Ia tidak bisa membiarkannya. Tidak. Ia bahkan tidak bisa sekedar menebak-nebak bagaimana reaksi Hafa jika bertemu kembali dengan pemilik jam tangan itu. Mereka tidak seharusnya bertemu. Ia harus melakukan sesuatu!
"Temani aku... minum kopi. Atau makan, kalau kamu mau."
Hafa terdiam sebentar dengan wajah serius, ia memiringkan kepalanya, tampak mempertimbangkan. "Hmm... saya udah makan. Lain kali aja, gimana? Saya mau liat pasien itu dulu."
Lalu, gadis itu berbalik memunggungi Daru untuk kemudian berlari kecil sepanjangan koridor. Meninggalkan Daru. Meninggalkan dokter itu sendirian, nyaris kehilangan akal. Dia sudah tahu. Dari dulu sudah begitu. Gadis itu... akan selalu mendahulukan pria bernama Levant itu, bahkan tanpa ia sadari alasannya.
***
Kelima buah semanggi berdaun empat yang bergelantungan di gelang itu berayun pelan tiap kali Levant menggerakkan jemarinya. Gelang itu, ia masih betah memandanginya. Gelang itu, gelang peri yang paling ia rawat sangat hati-hati di antara barang-barangnya yang lain.
Semalam peri hujan hadir di sini, ia meyakininya. Apakah ia akan datang lagi? Jika hari ini... peri hujan itu datang, ia akan melihat gelang ini dan segera menyadarinya.
Ia akan ingat, kan?
Levant mendesah, mendadak ia merasakan gugup yang tidak biasa ia rasakan. Ia tidak tahu apa yang dimiliki peri hujan itu sampai membuatnya seperti ini. Membuatnya merasa... agak bersemangat. Yang membuatnya tanpa sadar tersenyum-senyum sendiri. Apakah ia secantik itu? Levant ingin sekali melihatnya, dan mendefiniskan bagaimana wajah itu sesungguhnya.

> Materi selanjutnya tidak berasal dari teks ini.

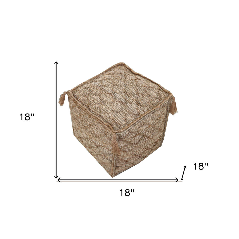 HMS 18\" Brown Jute Cube Trellis Pouf Ottoman Rattan Foot Stool Storage Tufted Foldable for Indoor Outdoor Bedroom Babies/Kids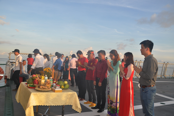 Kiều bào tưởng nhớ các Vua Hùng trên tàu KN 491 tại quần đảo Trường Sa. |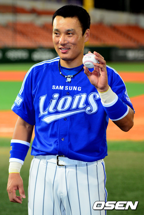 경기 종료 후 삼성 이승엽이 한일 통산 500홈런 볼을 들고 기념촬영을 하고 있다. / youngrae@osen.co.kr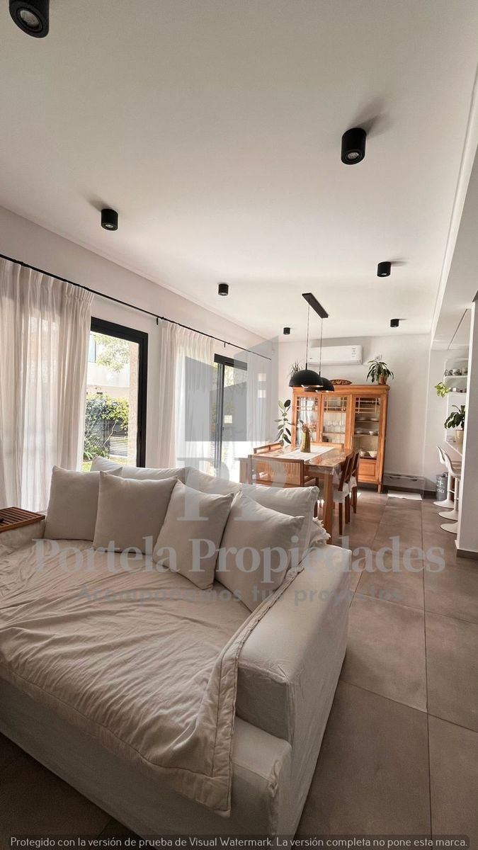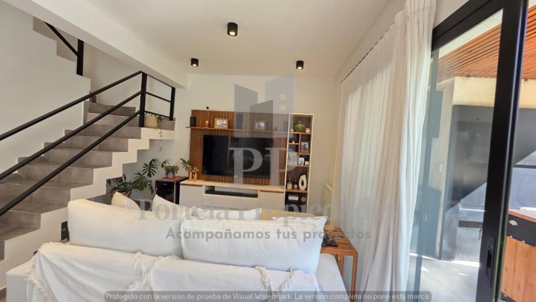 Código 8366-v000350 | CASA ESTILO MINIMALISTA DE 4 AMBIENTES EN BARRIO CERRADO LAS LILAS EN PARQUE LELOIR PARTIDO DE ITUZAINGÓ.. LA PROPIEDAD ESTA DENTRO DE UN CONDOMINIO CERRADO DE 24 UNIDADES FUNCIONALES CON DOBLE PORTÓN ELÉCTRICO PARA ENTRADA Y SALIDA DE VEHICULOS, CERCO ELECTRICO Y CAMARAS DE SEGURIDAD. LA CASA SE DESARROLLA EN DOS PLANTAS SOBRE UNA SUPERFICIE DE 200M2, SUPERFICIE CUBIERTA 107 M2 Y SEMICUBIERTA 22M2. PB: LIVING COMEDOR AMPLIO CON COCINA INTEGRADA, TOTALMENTE EQUIPADA, CON BARRA Y MESADA DE SILESTONE BLANCO, CAMPANA Y ARTEFACTOS A GAS. TOILETTE DE RECEPCIÓN Y LUGAR DE GUARDADO EN UN PLACAR EMPOTRADO. PA: TRES HABITACIONES, LA PRINCIPAL EN SUITE Y LAS OTRAS DOS COMPARTEN OTRO BAÑO COMPLETO. TODAS LAS HABITACIONES TIENEN PLACAR. EN EL EXTERIOR LA PROPIEDAD TIENE JARDIN CON GALERIA CUBIERTA, PARRILLA Y ESPACIO CON FOGONERO. TODAS LAS ABERTURAS SON DE DVH COLOR NEGRAS Y PISOS DE PORCELANATO. CALEFACCIÓN POR RADIADORES Y AIRE ACONDICIONADO EN TODOS LOS AMBIENTES. LA PROPIEDAD ES APTA CREDITO Y ESTA EN PERFECTO ESTADO DE MANTENIMIENTO.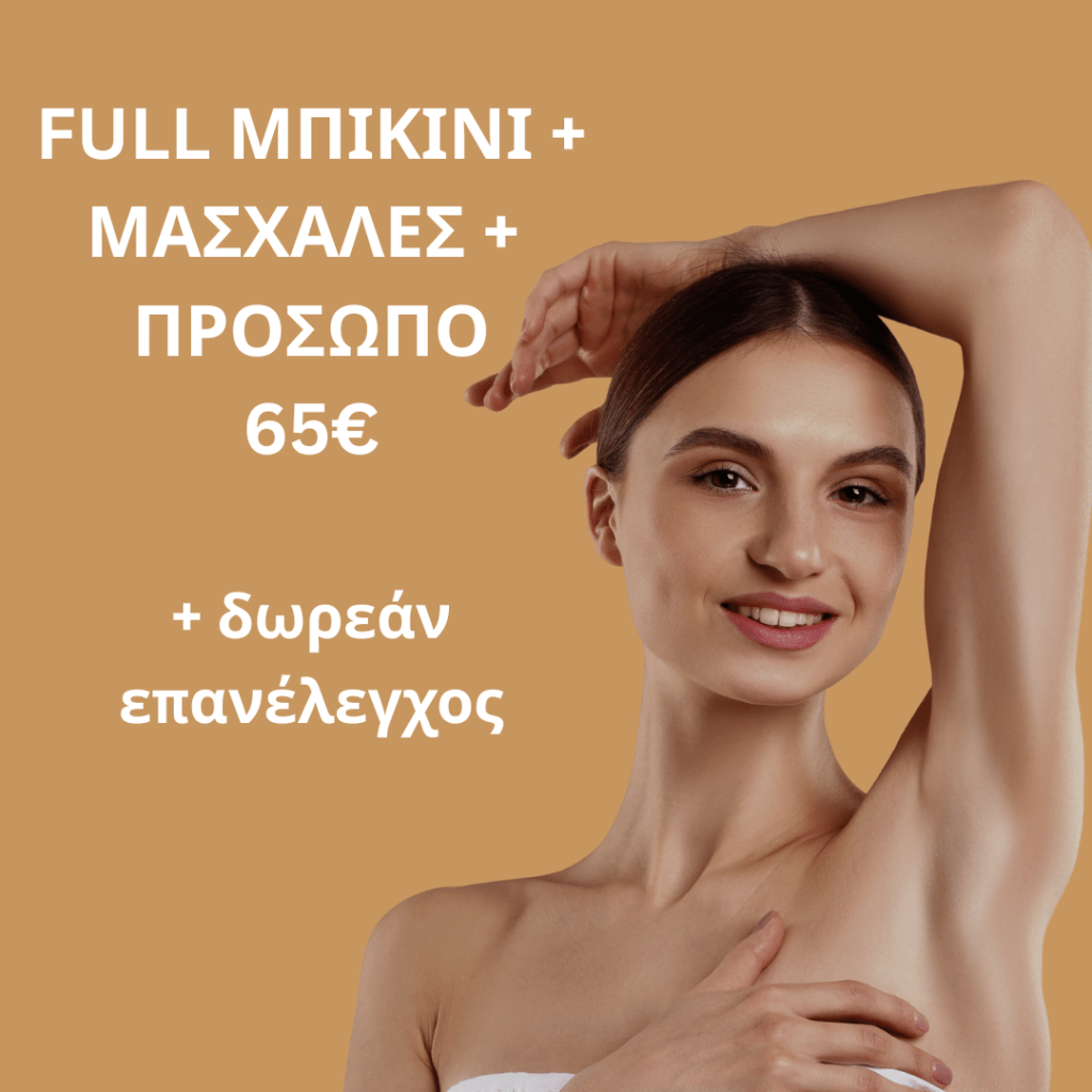 Φοιτητικό Full Body Γυναικείο (Πόδια + Full Μπικίνι + Μασχάλες + Χέρια + Full Πρόσωπο)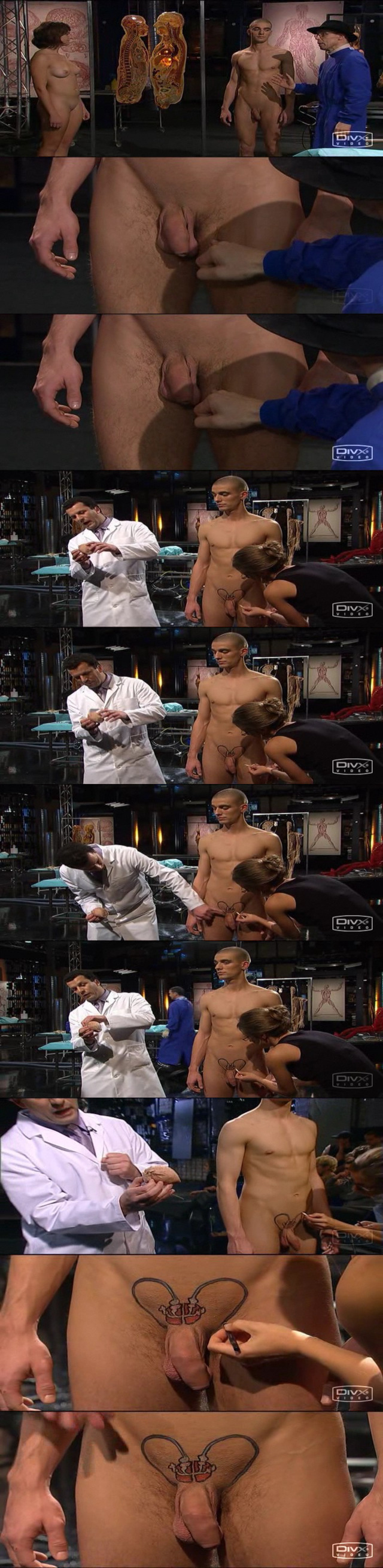 If you missed the episoded on TV now you can revive those moments thanks to EricDeman who posted 8 videos you can’t miss. Now I share with you some frames from the TV show: watch this studly guy being totally naked in a TV studio, without any undue embarrassment or discomfort. His uncut dick is really big and the anchor woman even draws on his pube to better explain the characteristics of the male reproductive organ.

Terdengar ketukan di pintu. Membuat pria itu panik seketika. Apakah... itu dia? Apa secepat itu? Apakah sekarang mereka hanya terpisahkan sebuah pintu?
***
Sebelah tangan Hafa yang memakai arloji memegangi handle pintu sementara tangan lainnya sibuk menggeledah tas selempangnya, mencari-cari dimana ponselnya berada. Sejak semenit lalu ia merasakan benda itu bergetar cukup keras menandakan sebuah panggilan masuk. Dan seperti biasa, gadis itu cukup kesulitan menemukan ponselnya di tengah lautan barang-barang dalam tasnya. Tas ajaib yang berisi lebih banyak camilan dan bekas-bekas bungkus makanan daripada barang lainnya.

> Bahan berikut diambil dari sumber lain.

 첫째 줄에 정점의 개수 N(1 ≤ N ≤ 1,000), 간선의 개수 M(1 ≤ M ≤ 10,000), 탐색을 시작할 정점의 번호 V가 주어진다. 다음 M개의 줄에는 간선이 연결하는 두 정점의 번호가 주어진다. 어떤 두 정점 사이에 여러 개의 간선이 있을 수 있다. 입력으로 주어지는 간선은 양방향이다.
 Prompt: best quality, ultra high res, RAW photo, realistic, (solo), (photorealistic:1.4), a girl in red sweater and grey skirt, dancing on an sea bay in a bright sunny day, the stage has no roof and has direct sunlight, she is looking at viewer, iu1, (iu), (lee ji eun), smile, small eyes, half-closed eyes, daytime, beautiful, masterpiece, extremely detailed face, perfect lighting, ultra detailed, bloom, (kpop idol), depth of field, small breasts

Ia berhasil menemukannya di panggilan kedua.
Teteh Ayla?
"Halo?" sapanya, buru-buru menempelkan ke telinga. Nomor yang menghubungi adalah milik Teh Ayla, tetangganya, namun yang menelepon adalah saura anak kecil yang ia kenali. "Iya, kenapa, Nasya? Ayes? Ayes kenapa lagi?
Sementara Nasya di seberang sana menjelaskan, Hafa menarik napas, pegangannya pada pintu terlepas.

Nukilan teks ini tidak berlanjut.